**WHAT YOU ARE ASKED TO DO**:
Beneath this line are entries. Copy the range from the line with "Rize’nin Ardeşen ilçesinde" to the line with "Figura jest bardzo", ends included, exactly; leave pictures out.

**RECORDS FOR PROCESSING**:

^^^^^^^^

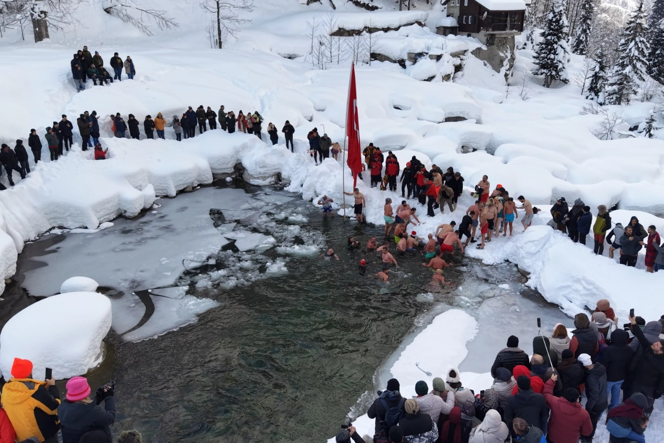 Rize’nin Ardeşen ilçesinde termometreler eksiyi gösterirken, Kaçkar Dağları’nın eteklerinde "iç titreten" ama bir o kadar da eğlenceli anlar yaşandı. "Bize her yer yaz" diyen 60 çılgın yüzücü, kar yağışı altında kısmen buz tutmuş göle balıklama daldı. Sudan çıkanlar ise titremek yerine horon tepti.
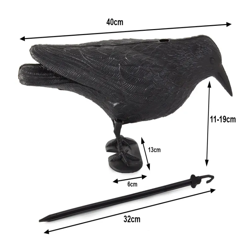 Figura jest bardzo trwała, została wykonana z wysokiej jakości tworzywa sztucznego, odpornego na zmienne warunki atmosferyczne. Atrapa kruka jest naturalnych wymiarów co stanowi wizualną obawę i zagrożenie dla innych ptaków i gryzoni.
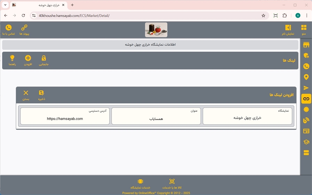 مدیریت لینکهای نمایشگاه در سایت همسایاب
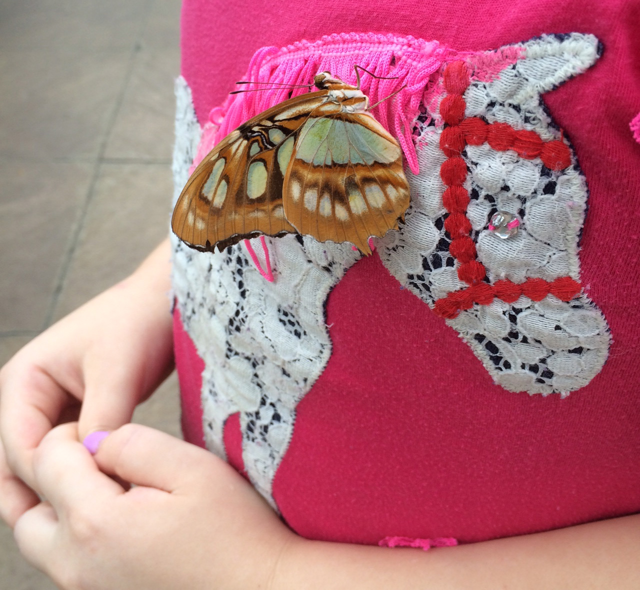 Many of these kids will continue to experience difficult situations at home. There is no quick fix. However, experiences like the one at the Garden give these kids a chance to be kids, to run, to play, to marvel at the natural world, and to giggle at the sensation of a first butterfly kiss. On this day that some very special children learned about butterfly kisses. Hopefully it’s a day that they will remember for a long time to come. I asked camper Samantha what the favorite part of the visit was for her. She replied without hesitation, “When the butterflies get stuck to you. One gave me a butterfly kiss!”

^^^^^^^^

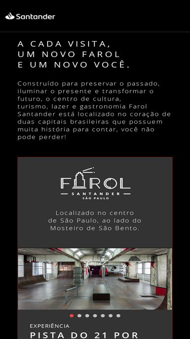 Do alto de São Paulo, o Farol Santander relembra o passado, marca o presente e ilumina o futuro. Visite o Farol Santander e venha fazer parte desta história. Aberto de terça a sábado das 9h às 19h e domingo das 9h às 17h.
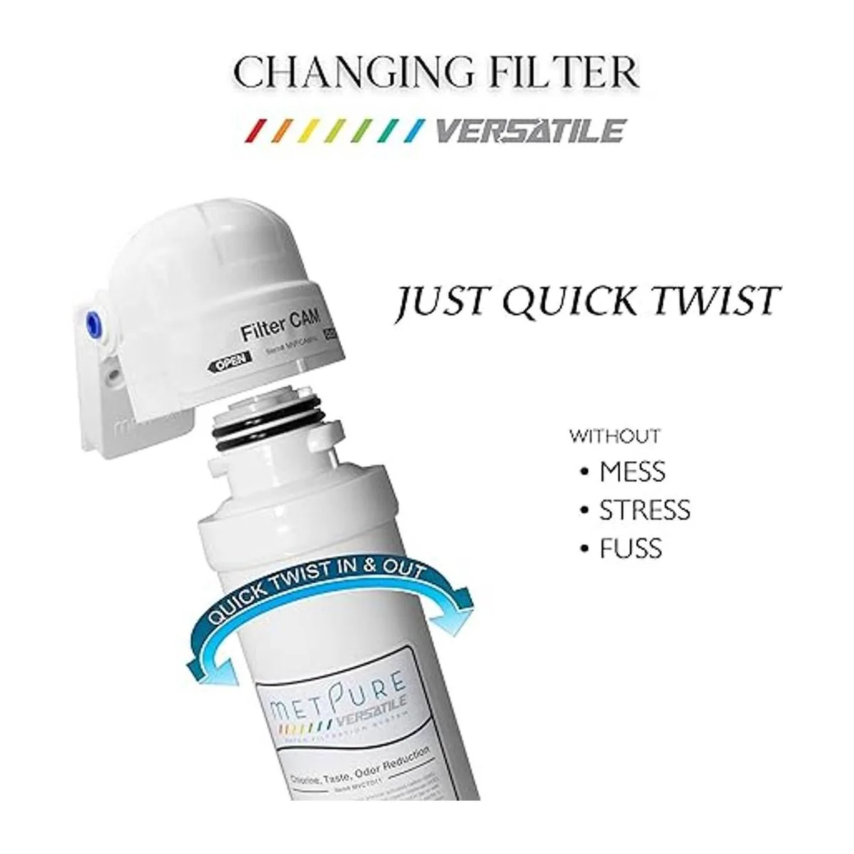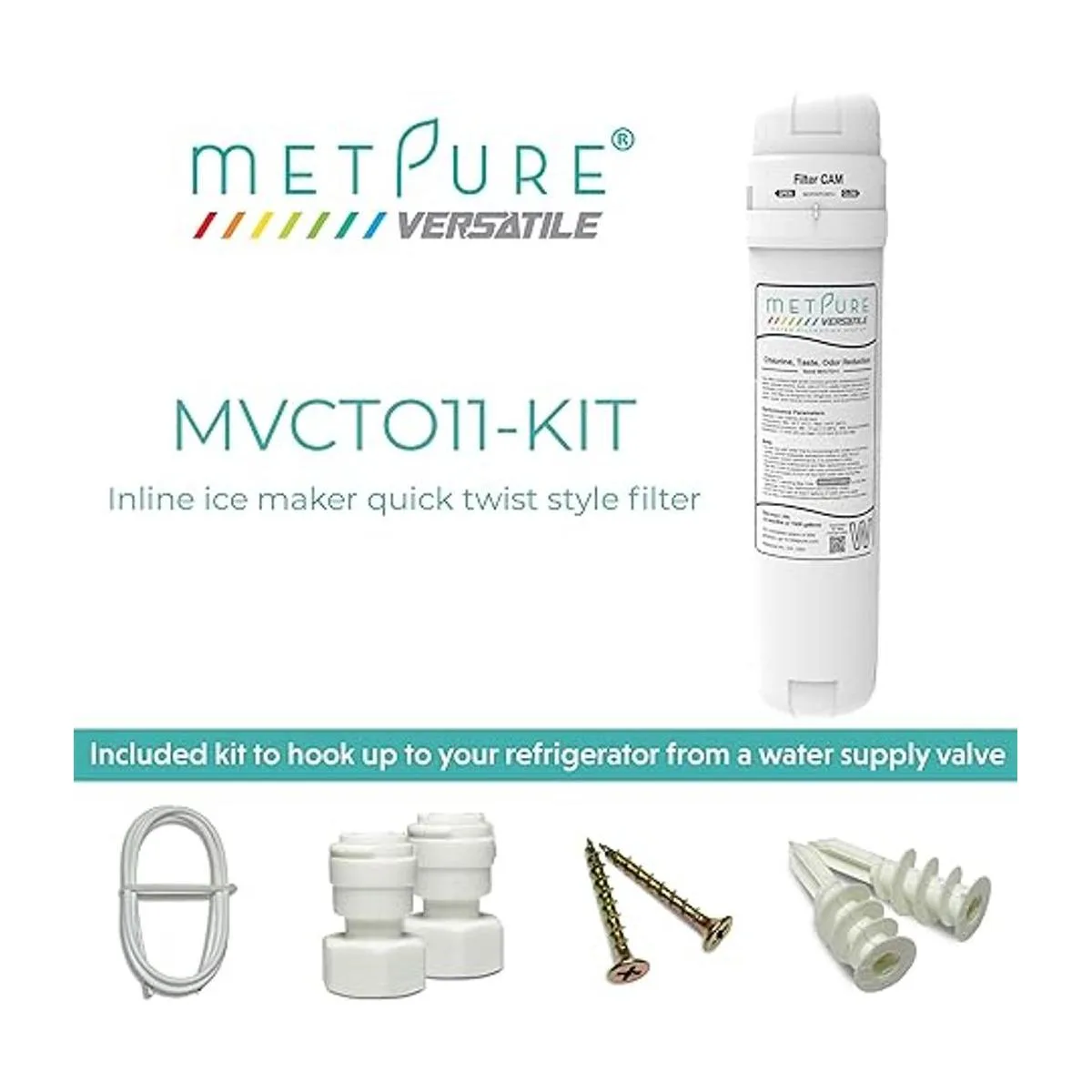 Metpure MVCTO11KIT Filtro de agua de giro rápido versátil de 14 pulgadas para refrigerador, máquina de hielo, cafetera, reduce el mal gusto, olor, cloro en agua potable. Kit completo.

^^^^^^^^

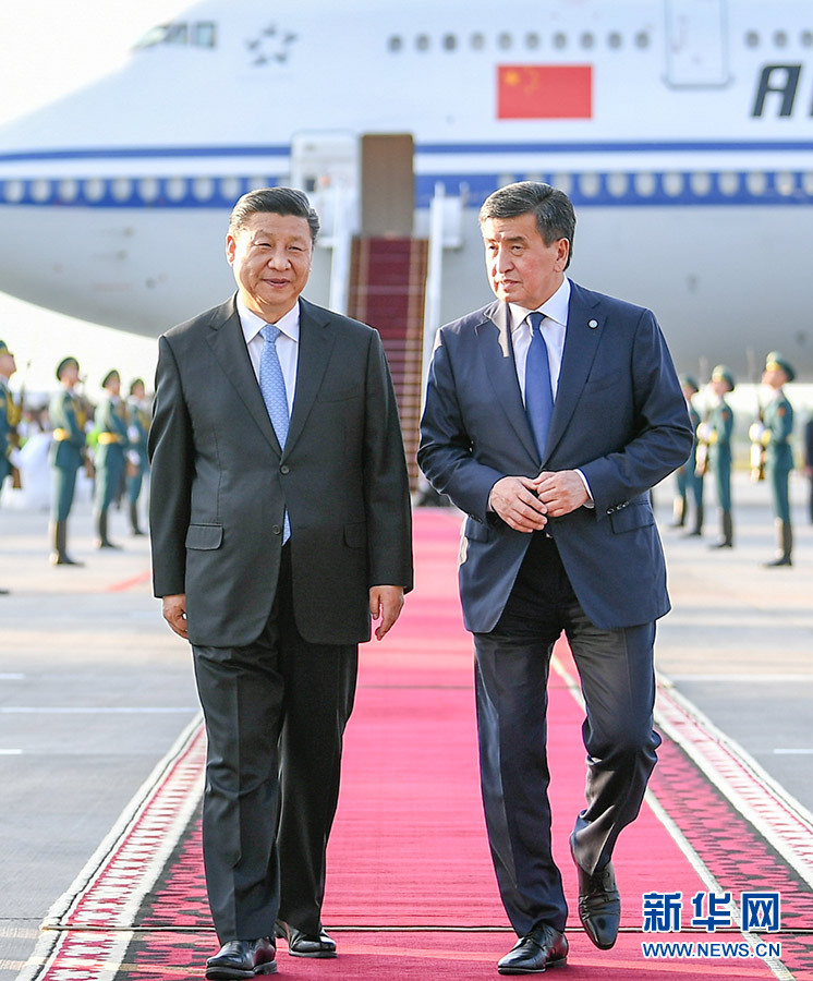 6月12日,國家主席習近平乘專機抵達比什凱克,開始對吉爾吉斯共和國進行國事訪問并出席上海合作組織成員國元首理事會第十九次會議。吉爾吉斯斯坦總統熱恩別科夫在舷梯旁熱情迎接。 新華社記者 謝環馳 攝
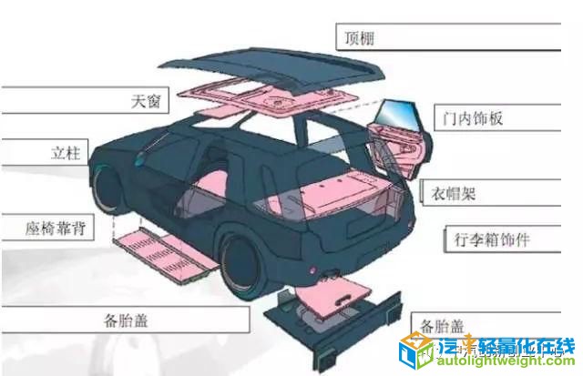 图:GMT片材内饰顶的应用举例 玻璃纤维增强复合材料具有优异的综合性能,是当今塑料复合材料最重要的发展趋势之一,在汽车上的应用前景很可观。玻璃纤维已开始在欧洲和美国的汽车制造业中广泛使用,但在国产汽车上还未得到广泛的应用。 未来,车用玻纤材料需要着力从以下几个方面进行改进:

^^^^^^^^

**ANSWER BELOW**:
 Rize’nin Ardeşen ilçesinde termometreler eksiyi gösterirken, Kaçkar Dağları’nın eteklerinde "iç titreten" ama bir o kadar da eğlenceli anlar yaşandı. "Bize her yer yaz" diyen 60 çılgın yüzücü, kar yağışı altında kısmen buz tutmuş göle balıklama daldı. Sudan çıkanlar ise titremek yerine horon tepti.
 Figura jest bardzo trwała, została wykonana z wysokiej jakości tworzywa sztucznego, odpornego na zmienne warunki atmosferyczne. Atrapa kruka jest naturalnych wymiarów co stanowi wizualną obawę i zagrożenie dla innych ptaków i gryzoni.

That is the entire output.